In preparing a disaster plan for Hurricane Sandy, President Barack Obama and New Jersey Governor Chris Christie put aside profound ideological differences, “shook hands, and agreed to work together, without rancour and to the best of their ability, putting the well-being of their constituents above any political calculus,” Sobel recalls. “Besides enabling their staffs to work together better, this also publicly communicated the gravity of the situation and modelled the spirit of unqualified cooperation that the recovery would require.”

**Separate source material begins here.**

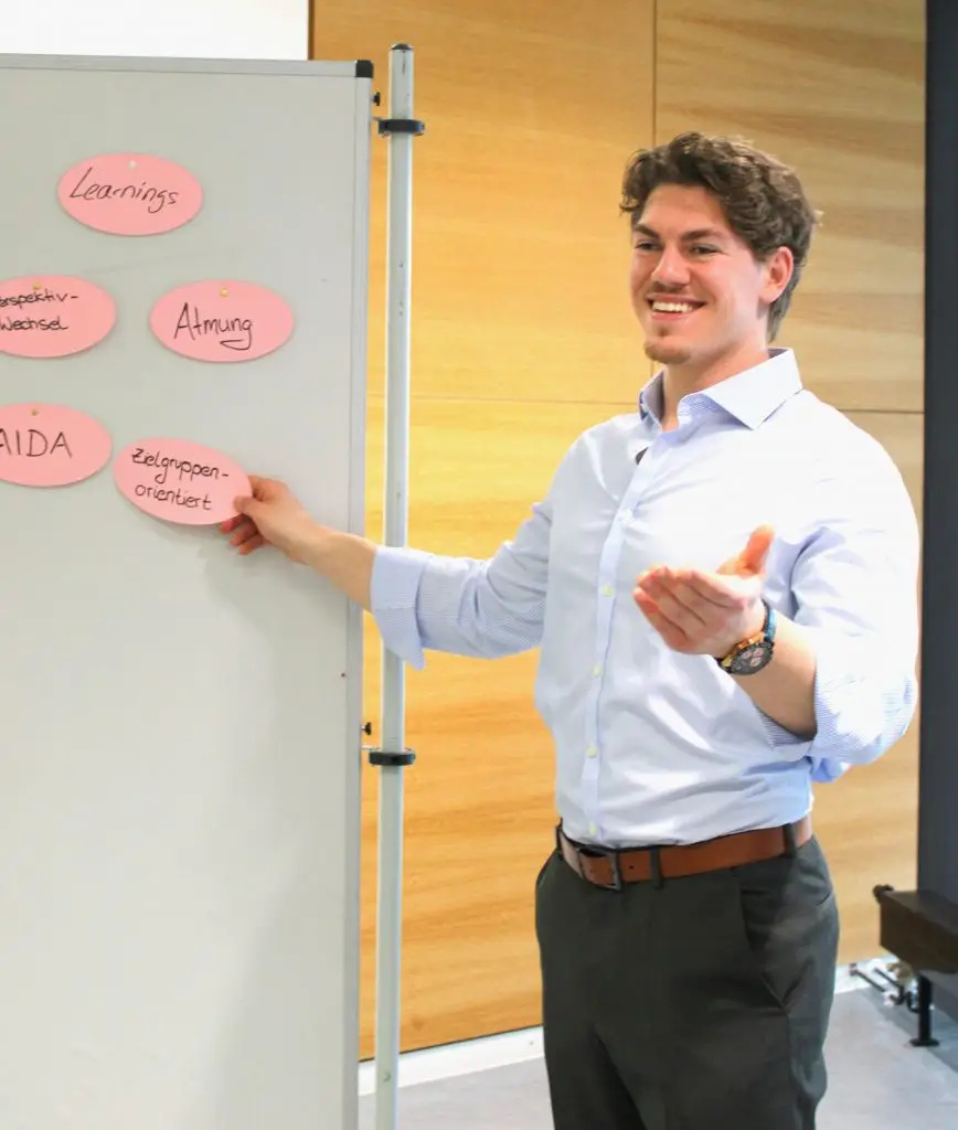 Wenn ich noch genauer darauf eingehen soll: Gegenwärtig versuche ich als Lagerfeuer-Gitarrist den Durchbruch zu schaffen. Außerdem singe ich sehr sehr gerne. Egal ob in der Fußgängerzone, unter der Dusche oder als Rausschmeißer auf der Hochzeit meiner Schwester. Sportlich liebe ich es, schwere Gewichte zu bewegen. Oder alles, was mit Bällen zu tun hat. Vor allem der Fußball hat mich in seinen Bann gezogen. Profi bin ich leider keiner geworden, weshalb ich nun das tun darf, was ich wirklich gut kann: Reden und den Menschen bei Ihrer Weiterentwicklung unterstützen. Last but not least: Meine wichtigen Bezugspersonen. Sie stellen den Fels in der Brandung dar und geben mir den wichtigen Halt in stürmischen Zeiten.

Such communication and cooperation is urgently needed now, he adds. “We may be extremely divided politically, but we share physical, biological, and economic space, and that makes us all connected by this virus.”

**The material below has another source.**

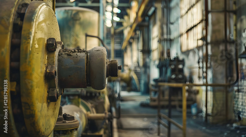 Industrial machinery in a factory setting with pipes and equipment, showcasing manufacturing processes

Key to New York’s ability to handle Hurricane Sandy when the storm made landfall in 2012 was that leaders at all levels of government turned to the experts. Today, the knowledge of experts in health and disease transmission is needed if we are to have any hope of “getting ahead of the curve.” In 2012, New York State was fortunate that “the challenges of a potential major hurricane landfall in the New York metro area had been studied by experts for decades,” notes Sobel. “That knowledge base, and the seasoned professionals leading and serving key agencies—from the New York City Office of Emergency Management to the National Weather Service and [the Federal Emergency Management Agency]—gave state and local leaders the lead time that decades of improvement in weather forecasting had bought.” 

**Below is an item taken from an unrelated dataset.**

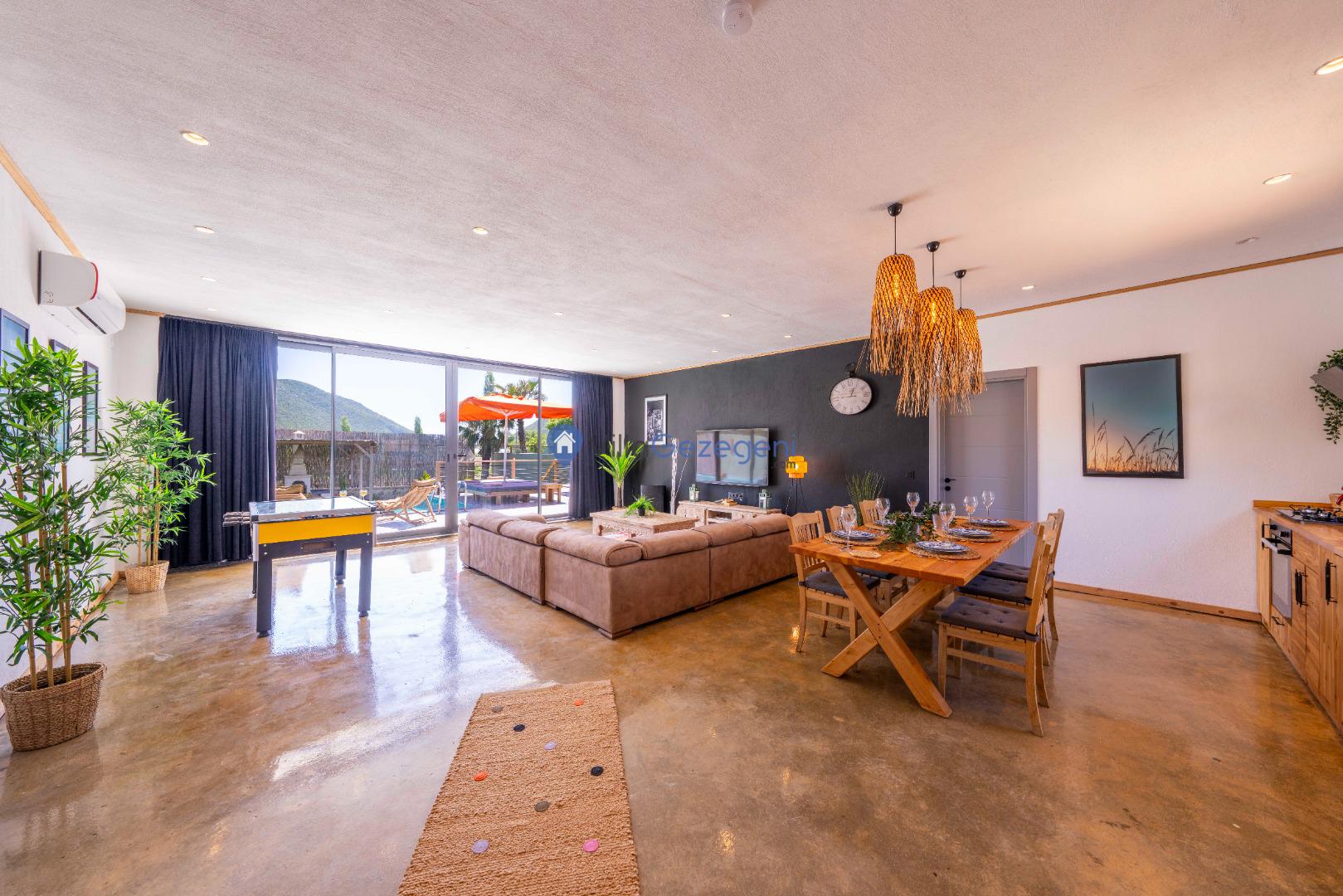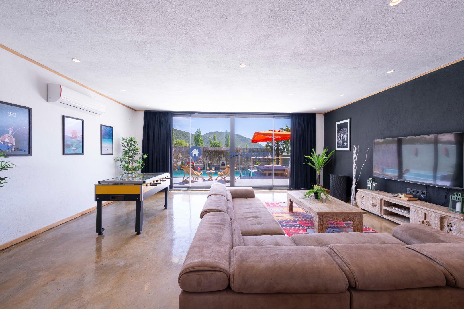 Villa Alaf, modern tasarımı ve şık iç mekanlarıyla dikkat çeker. Konforlu oturma alanı, tam donanımlı mutfak ve zevkle döşenmiş odalar, misafirlerin tüm ihtiyaçlarını karşılayacak şekilde tasarlanmıştır.

Following the advice of solid expert guidance, city officials closed transit systems and ordered evacuations a day ahead of the hurricane’s landfall, giving residents the time and urging they needed to get to safety. But no such respect for expertise animated Washington’s initial response to the current pandemic. 

“In the United States, there has been an increasing realization that our government wasted the time that scientific prediction—and the experiences of China, Italy, and other countries—bought us,” Sobel writes.

Even so, “disasters can bring out the best in people,” and there is still time to learn from that particular lesson.  Just as any country must do in extreme weather, “we will need to rely on each other, on a much larger scale and for a much longer time than any of us are accustomed to,” says Sobel. From young and healthy people taking “all possible measures not to get the virus—even at possible cost to themselves,” to those whose livelihoods are not imperiled by social isolation giving support to those whose incomes have been reduced or lost, acting in the collective for the greater good is an imperative now.

Finally, clear-sighted leaders will anticipate that “not everyone will make wise choices.” Some will underreact to warnings about virus transmission, just as some ignored warnings to evacuate during Hurricane Sandy, and died as a result. And, adds Sobel, “other people will overreact, or react in counterproductive ways—such as buying all the hand sanitizer in stores to resell at a premium.” Recalling how Gary Szatkowski, a lead weather forecaster in New Jersey, “issued a stark, emotional warning to convince people to evacuate from the barrier islands before Sandy hit, inviting anyone who felt he was overhyping the danger to call him and ‘yell at me all you want,’” Sobel observes that, while completely preventing foolish or selfish behaviours is impossible, “authority figures addressing people directly and personally can help.”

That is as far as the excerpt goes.